YOUR SOLIN GENERATED RECIPE
Seared Salmon Fillet with Steamed Asparagus and Brown Rice
Pan-seared salmon fillet served with tender steamed asparagus and fluffy brown rice, finished with a bright squeeze of zesty lemon.
INGREDIENTS
8.5 oz Pink Salmon Fillet
1 cup Asparagus
1/4 cup Cooked Brown Rice
1 tsp Extra Virgin Olive Oil
1 tbsp Lemon Juice
PREPARATION
Pat the salmon fillet dry with a paper towel and season both sides with sea salt and cracked black pepper.
Heat the olive oil in a non-stick skillet over medium-high heat until shimmering.

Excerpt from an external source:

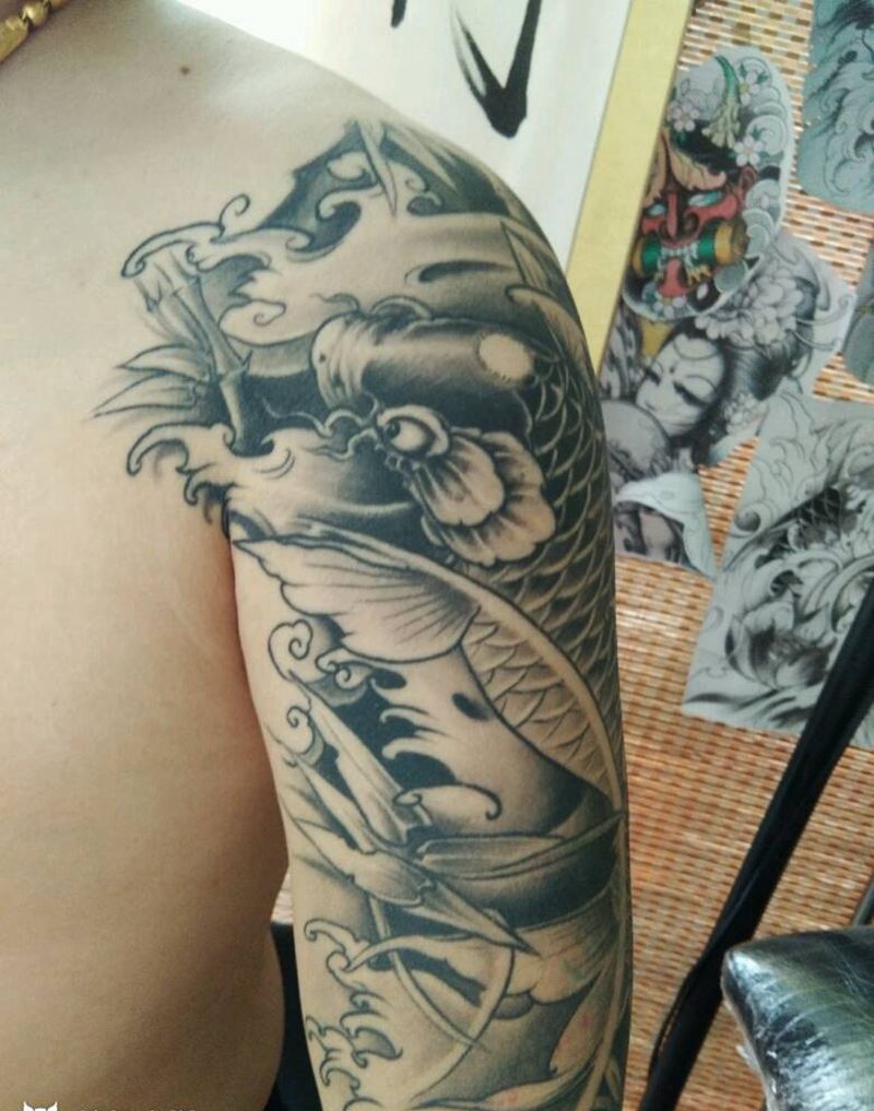小松刺青 大臂锦鲤恢复2年后纹身图片_手臂传统动物纹身图案

Place the salmon skin-side down in the pan and sear for 4-5 minutes until the skin is golden and crisp.
Flip the fillet and cook for an additional 2-3 minutes until the fish is opaque and flakes easily.
While the salmon cooks, place the asparagus in a steamer basket over boiling water and steam for 4-5 minutes until bright green and tender-crisp.
Warm the pre-cooked brown rice in a small saucepan or microwave until steaming.
Plate the salmon next to the rice and asparagus, drizzling the entire dish with fresh lemon juice for a vibrant finish.